ROANOKE TIMES

                         Roanoke Times
                 Copyright (c) 1995, Landmark Communications, Inc.

DATE: SUNDAY, April 17, 1994                   TAG: 9404170047
SECTION: VIRGINIA                    PAGE: C-1   EDITION: METRO 
SOURCE: ALLISON BLAKE STAFF WRITER
DATELINE:                                 LENGTH: Medium


VOLUNTEERS CLEAN UP ILLEGAL TRASH DUMPS

As the sun peeked past the new redbuds Saturday, a hive of workers toting fluorescent orange garbage bags swarmed up an Elliston hillside.

There were students from a Virginia Tech ecology club; there was a Girl Scout or two. There was a mess of kids from the Christian group Young Life, and there, in the midst of it all, was Virginia Secretary of Natural Resources Becky Norton Dunlop.

Brown work gloves shielding hands that probably spend a lot of days pushing paper, Dunlop joined the assembled to mine the hillside, an illegal landfill. Endless unknowns were extracted. Former mattresses. Skeletons of stoves. Twenty-two refrigerator pieces. Soggy stuffings of who-knows-what.

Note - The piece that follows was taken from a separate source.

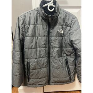 The North Face Boys' Reversible Mount Chimbo Hooded Reversible Jacket Gray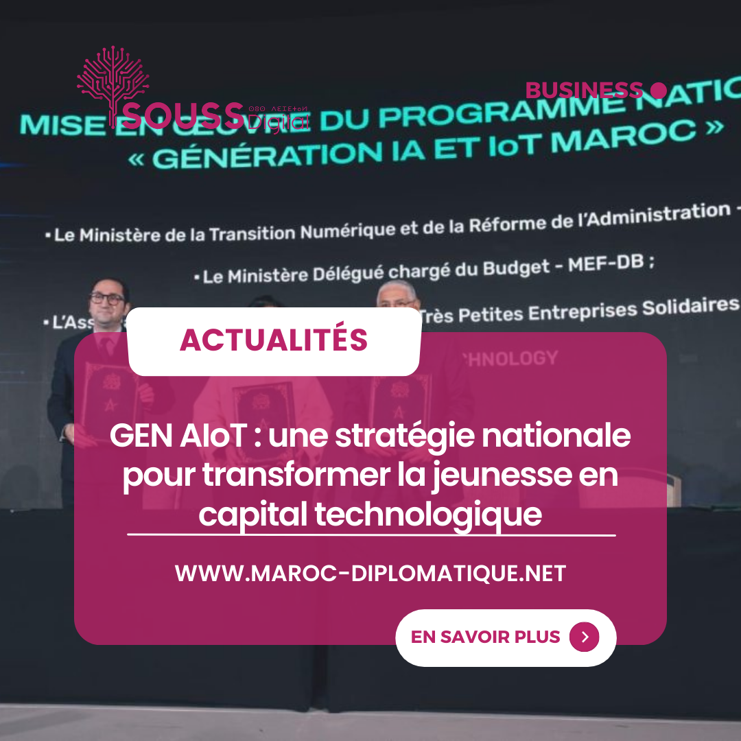 Avec GEN AIoT, le Maroc franchit une nouvelle étape structurante dans sa stratégie de développement des compétences numériques. Porté par le Ministère de la Transition Numérique et de la Réforme de l’Administration, en partenariat avec ABA Technology et l’Association des CTPES, ce programme national se positionne parmi les initiatives publiques les plus ambitieuses en matière de formation technologique orientée vers l’emploi.

Steve Huppert and Dan Houghton, Young Life chaperones, manned the nearby trash bins. Houghton commanded the operation from his post atop an abandoned Westinghouse dishwasher.

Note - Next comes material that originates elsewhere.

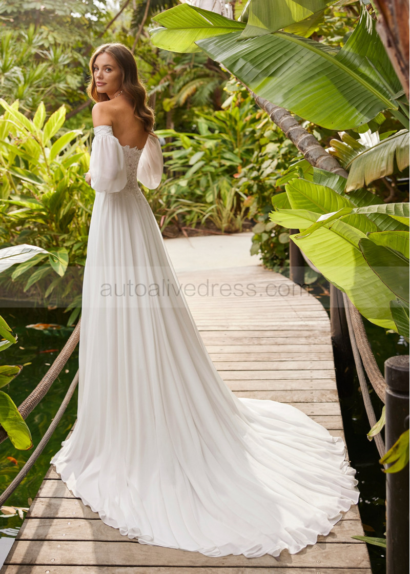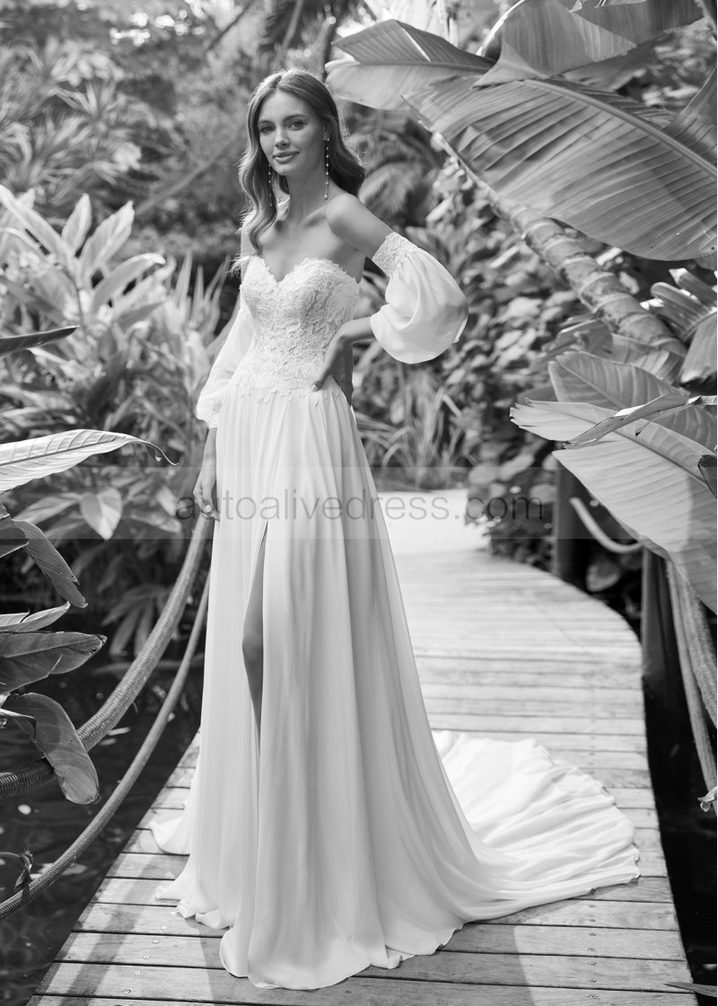 Strapless Ivory Lace Chiffon Slit Sexy Wedding Dress

"What is it?" he called, as a couple of young guys dragged a fading red slab toward the metal-recycling pile.

"Coke machine," they replied.

In Montgomery County, 3,000 came out for "Broomin' & Bloomin' " - not to be confused with Radford's simultaneous "Cleanin' & Greenin'."

Everybody gets up early on an April Saturday and, instead of cleaning the house, spring cleans the neighborhood.

Clean fever raged throughout the region. In Giles County, war was declared on litter.

Farther north, the Clean Valley Council orchestrated bands of 1,300 neighbors, who picked up junk in Botetourt, Roanoke, Roanoke County, Salem and Vinton.

Dunlop, who came to Montgomery County with husband George and a little white poodle named Maggie, spent an hour or more pulling rusted metal drums and smelly debris from the impromptu dump.

"It's certainly not a legal place for dumping," she observed.

Asked how many of these neighborhood junk piles she's found, Dunlop thought a minute.

"It's hard for me to say, because I've only been in office 90 days," she said.

"But I suspect we're going to find more of these than we'd like."

The folks from Virginia Tech's Ecocycle sure found one last year.

"Last year, we found some dead cows," said Elliot Gibbs.

"It's pretty unsavory out here. I don't think we're going to be able to finish today. But this is part of life. People need to get rid of their trash. If they can't pay the fees, they get rid of it the most convenient way possible," he said.

Then he leaned over and helped a fellow worker excavate a TV from beneath a pile of leaves.

Mike Fallon, also with Ecocycle, recalled all the work his club did last year to clean up the illegal dump site at Seneca Hollow, which still is pristine after all these months. To halt erosion, Ecocycle wants to plant trees there soon.

"In some ways, it's environmental justice," he said. "Some people can't pay tipping fees."

He's happy to help. The day's coordinator, Dawn French, looked up at the hill and put it this way:

"At least we can clean this up."

As Dunlop paused, she noted the youth of the workers. The cleanup is a good lesson in stewardship, she said.

"This is obviously not good stewardship," she said, viewing heaps of white or rusted metal. "The kids can see the consequences. Other people have to go out and fix it."

Mid-morning, Dunlop left the hillside and took a drive around the county. She stopped at the Broomin' & Bloomin' volunteer picnic at Blacksburg Municipal Park, where a classroom and Virginia Tech dormitory recycling program, sponsored by five area businesses, also was launched.

In a brief speech before a hot dog-chomping crowd, Dunlop noted that "to have a healthy environment, we need a healthy economy."

The two, she urged, are mutually dependent.

Then she read a proclamation from Gov. George Allen, who has named April 16 to May 16 as Spring Renewal Time in Virginia:

"Sound progressive farming, fishing, timbering and business practices can provide needed economic growth while enhancing the resource base.

"Virginians are committed to the goal of leaving our commonwealth in better condition than they found it."

Hence, a sunny day to go out "Cleanin' & Greenin,' " or even "Broomin' & Bloomin'."

"The way it was raining last night, I thought it was going to be moppin' and soppin,' " Huppert said.